=== Section Start ===

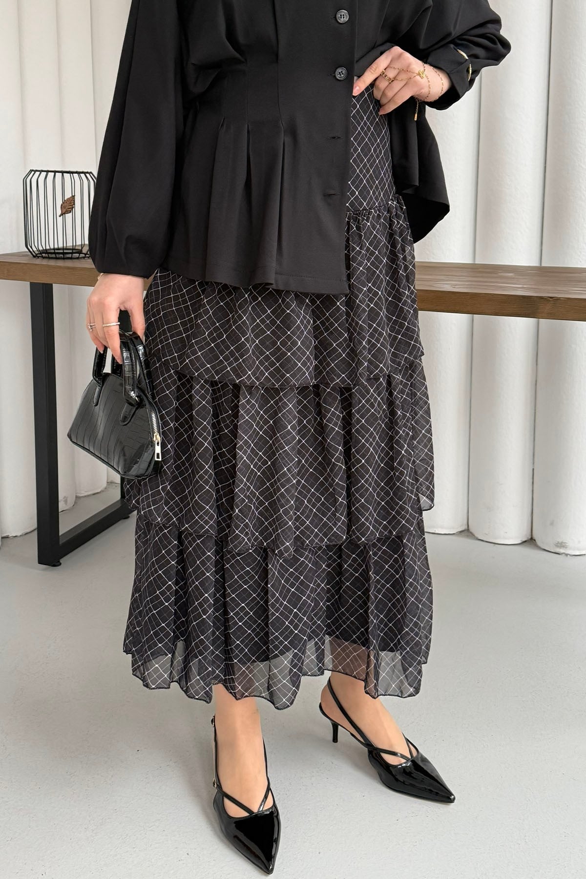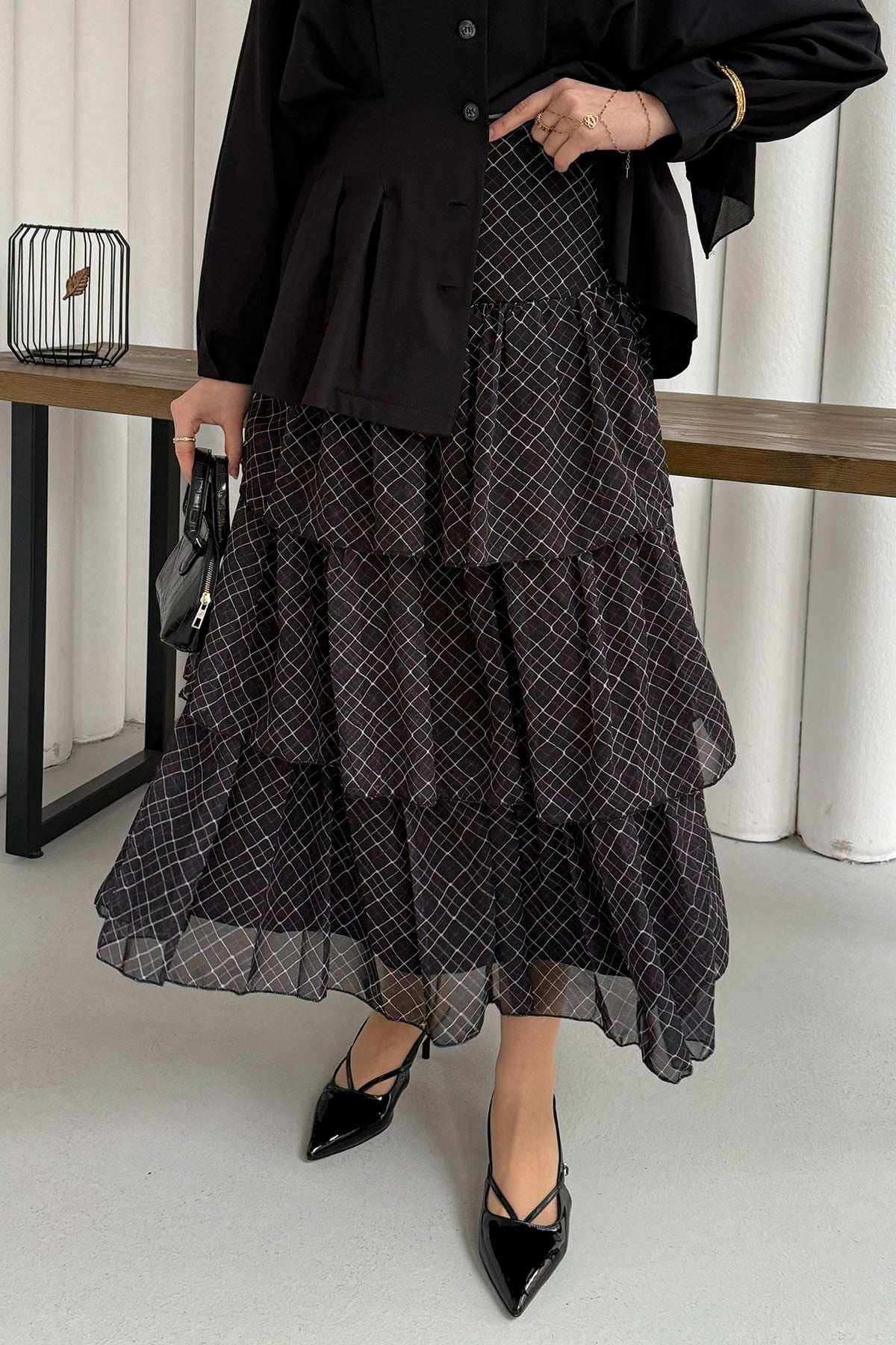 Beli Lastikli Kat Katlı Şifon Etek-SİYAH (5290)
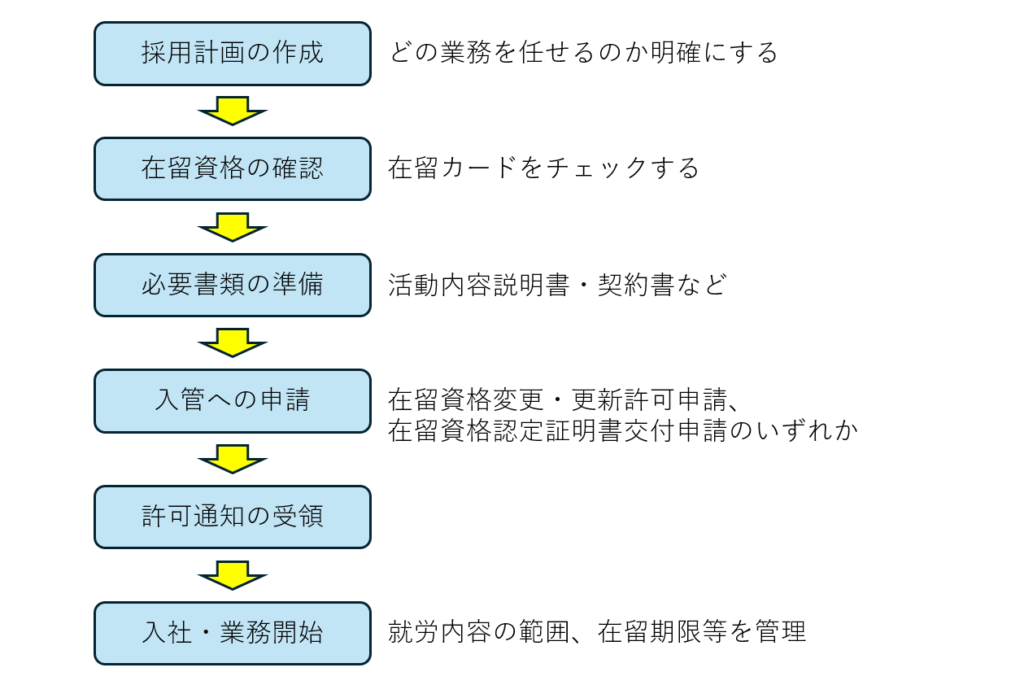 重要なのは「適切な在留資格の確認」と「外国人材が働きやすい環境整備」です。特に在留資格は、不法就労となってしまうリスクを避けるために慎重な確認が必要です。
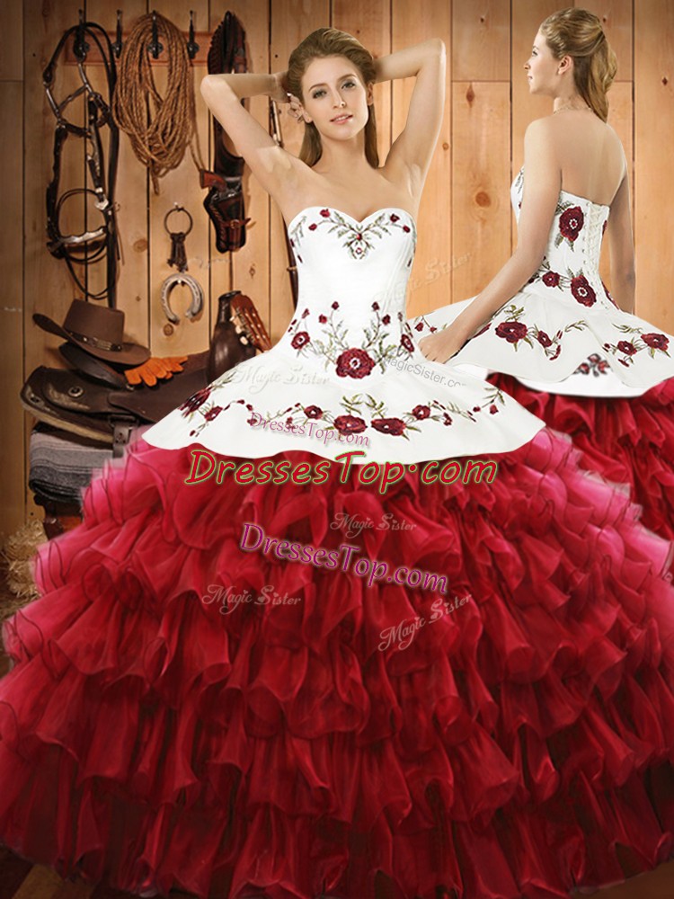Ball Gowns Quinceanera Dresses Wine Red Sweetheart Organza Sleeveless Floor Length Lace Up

=== Section End ===

_TASK BRIEF_: The required response consists solely of the lines from the line containing "重要なのは「適切な在留資格の" through the end of the listing, both ends included, copied exactly without pictures.

_EXERCISE RESPONSE_:
 重要なのは「適切な在留資格の確認」と「外国人材が働きやすい環境整備」です。特に在留資格は、不法就労となってしまうリスクを避けるために慎重な確認が必要です。
Ball Gowns Quinceanera Dresses Wine Red Sweetheart Organza Sleeveless Floor Length Lace Up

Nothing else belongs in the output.